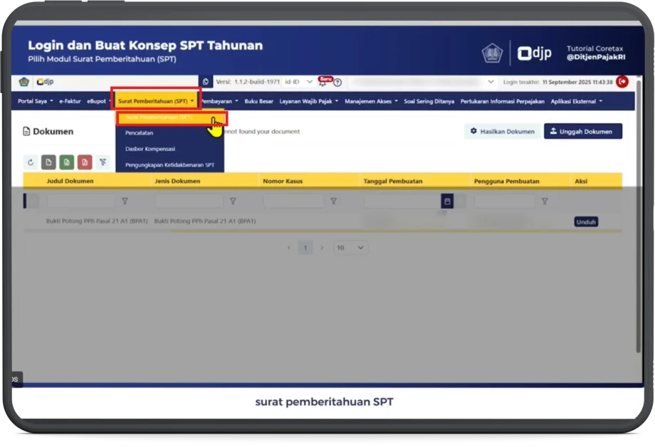 5. Kemudian klik modul Surat Pemberitahuan (SPT), pilih menu Surat Pemberitahuan SPT.
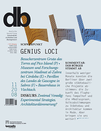 …   Versuch einer Annäherung an ein schwieriges Thema, das augenblicklich eine bedenkliche Konjunktur erlebt. Die Erfahrung ist sicher keinem unbekannt: Beim Besuch eines Ortes scheint dieser über seine bloße physische Präsenz hinaus eine besondere Atmosphäre zu besitzen; wahrnehm- aber nicht fass- oder benennbar. So belässt man es bei der lapidaren Aussage eines besonderen Geistes, der an diesem Ort »herrsche«; und erinnert sich seiner später meist in einer mit emotionalen Facetten gespeicherten Bildhaftigkeit. Genius loci? Die Antwort bietet sich an. Aber welcher Art sind die Orte, die eine solche Ausstrahlung besitzen? Kann Architektur einen Genius loci generieren? elp
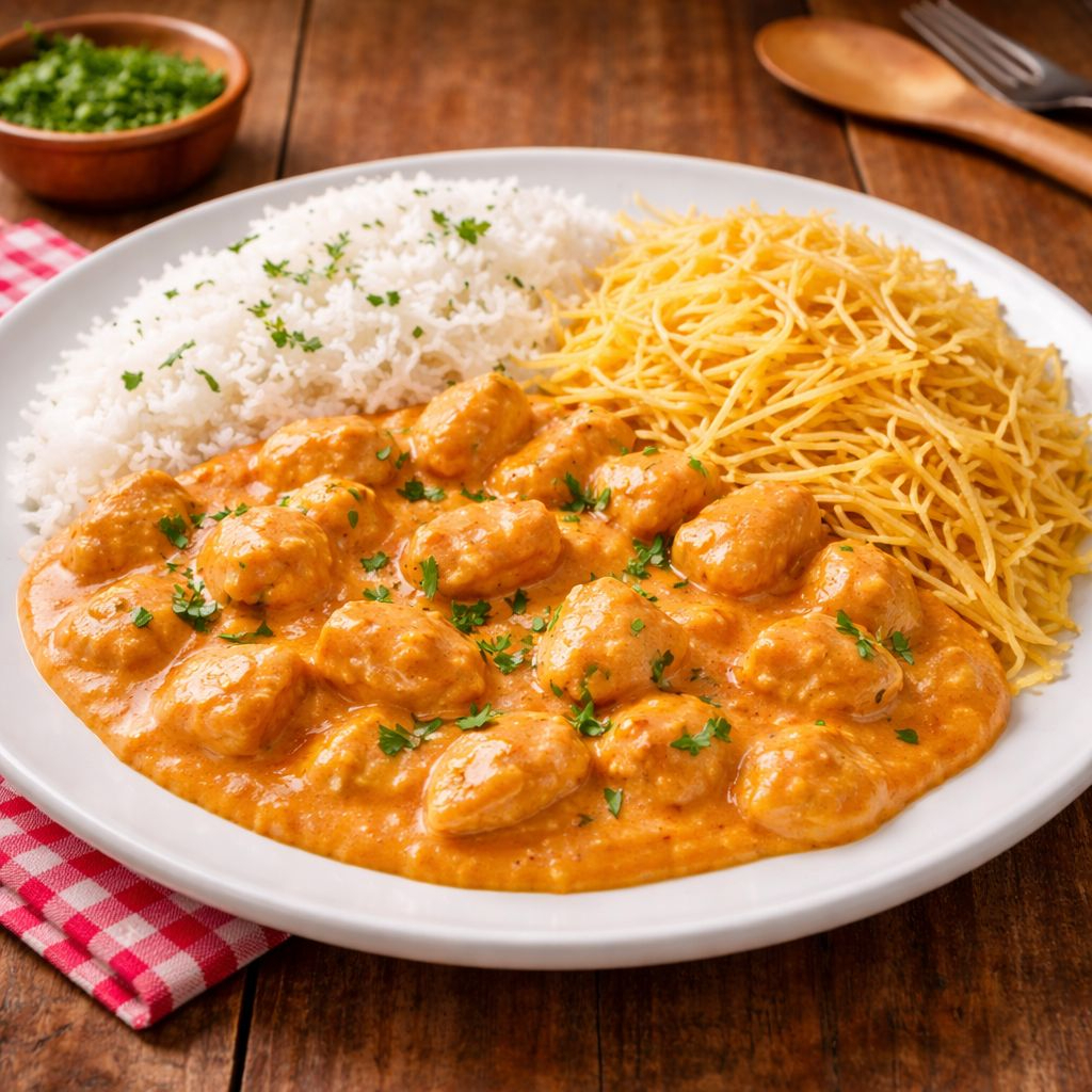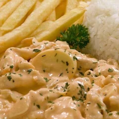 O delicioso filé de frango ao molho estrogonofe acompanhado de arroz branco e batatas fritas
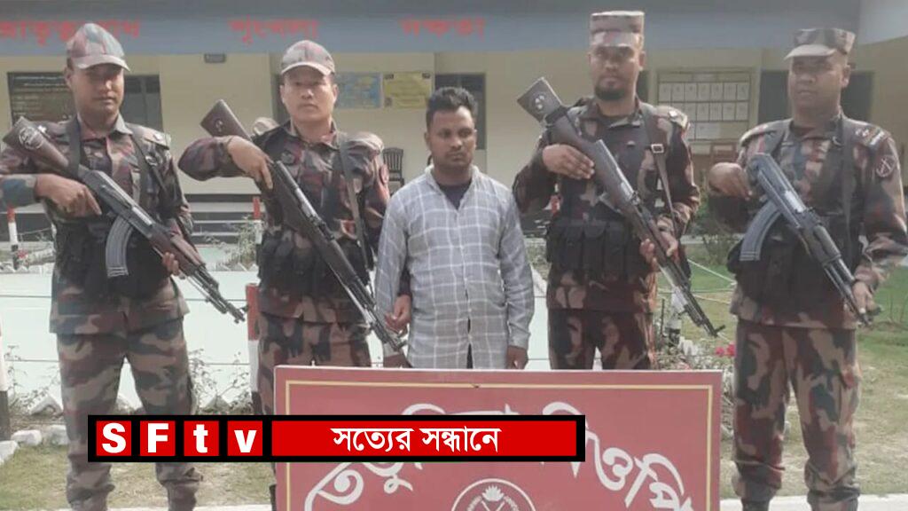 মোঃ খাদেমুল ইসলাম : পঞ্চগড় তেতুলিয়ায় অবৈধভাবে সীমান্ত পার হয়ে বাংলাদেশে প্রবেশের সময় সুমন রায় (২৬) নামে এক যুবকে আটক করেছে বিজিবি ।রবিবার দুপুরে উপজেলার সদর ইউনিয়নের পুরাতন বাজার সীমান্তবর্তী মেইন পিলার ৪৪৩ এর ২সাব পিলারের ১০ গজ বাংলাদেশের অভ্যন্তরে অতিক্রম করার সময় বাংলাদেশী নাগরিক শ্রী সুমন রায় (২৬)কে আটক করে পঞ্চগড় ১৮ বিজিবি ব্যাটালিয়নের তেঁতুলিয়া কোম্পানির সদস্যরা। সুমন ঠাকুরগাঁও জেলার ঢেলারহাট এলাকার শ্রী অরুণ রায়ের পুত্র। রোববার (২৩ ফেব্রুয়ারি) রাতে এক সংবাদ বিজ্ঞপ্তিতে এ তথ্য জানানো হয়। ভারত হতে অবৈধ পথে বাংলাদেশে অনুপ্রবেশের সময় মহানন্দা নদীতে পাথর শ্রমিকরা দেখতে পেয়ে বিজিবির টহল দলকে সংবাদ দিলে অফিসার সঙ্গীয় ফোর্স সহ ঘটনাস্থলে পৌঁছে সুমনকে আটক করে বিজিবি।
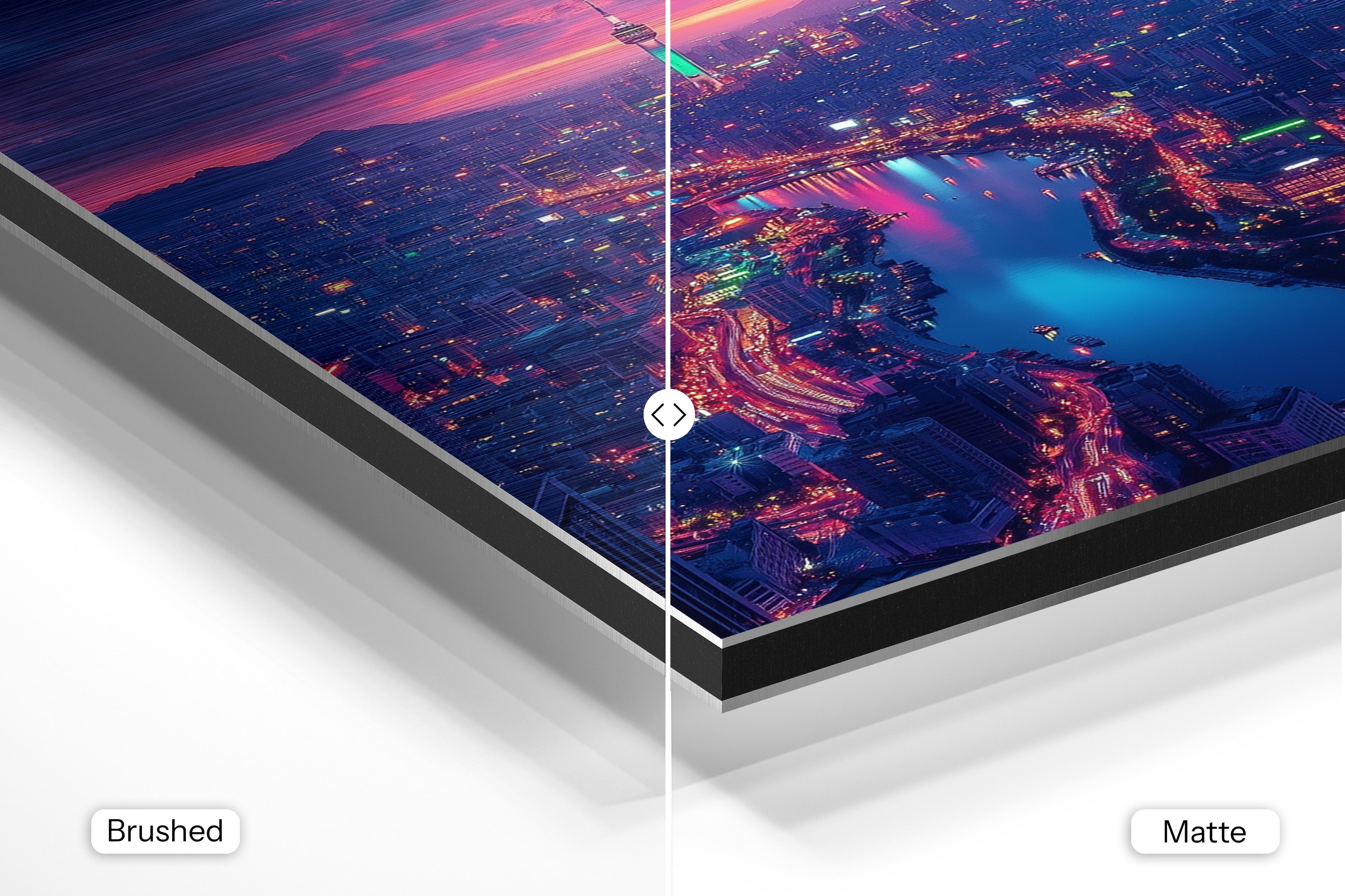 - Matte Aluminum offers a smooth, bright white surface that delivers crisp details and vibrant, true-to-life colors. With its non-reflective finish and subtle silky sheen, it’s perfect for photography, portraits, and colorful artwork—bringing a clean, polished look to any interior.
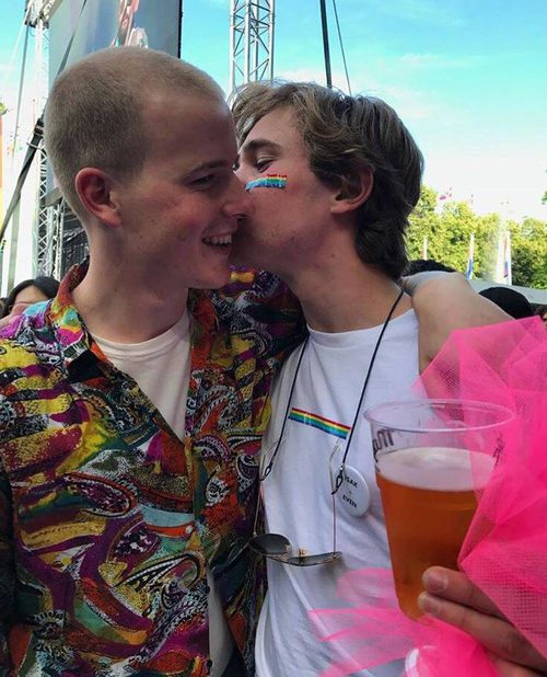 Carl Martin Eggesbø y Tarjei Sandvik Moe, actores de 'Skam', en el Oslo Pride
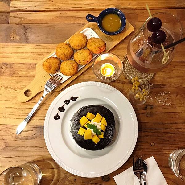 上面是調酒下面是食物

■ **Work order**
Starting from the line with "loci generieren? elp" in the records above, repeat each line exactly until you have written the line with "O delicioso filé", then stop; drop the pictures.

■ **Answer**
 …   Versuch einer Annäherung an ein schwieriges Thema, das augenblicklich eine bedenkliche Konjunktur erlebt. Die Erfahrung ist sicher keinem unbekannt: Beim Besuch eines Ortes scheint dieser über seine bloße physische Präsenz hinaus eine besondere Atmosphäre zu besitzen; wahrnehm- aber nicht fass- oder benennbar. So belässt man es bei der lapidaren Aussage eines besonderen Geistes, der an diesem Ort »herrsche«; und erinnert sich seiner später meist in einer mit emotionalen Facetten gespeicherten Bildhaftigkeit. Genius loci? Die Antwort bietet sich an. Aber welcher Art sind die Orte, die eine solche Ausstrahlung besitzen? Kann Architektur einen Genius loci generieren? elp
 O delicioso filé de frango ao molho estrogonofe acompanhado de arroz branco e batatas fritas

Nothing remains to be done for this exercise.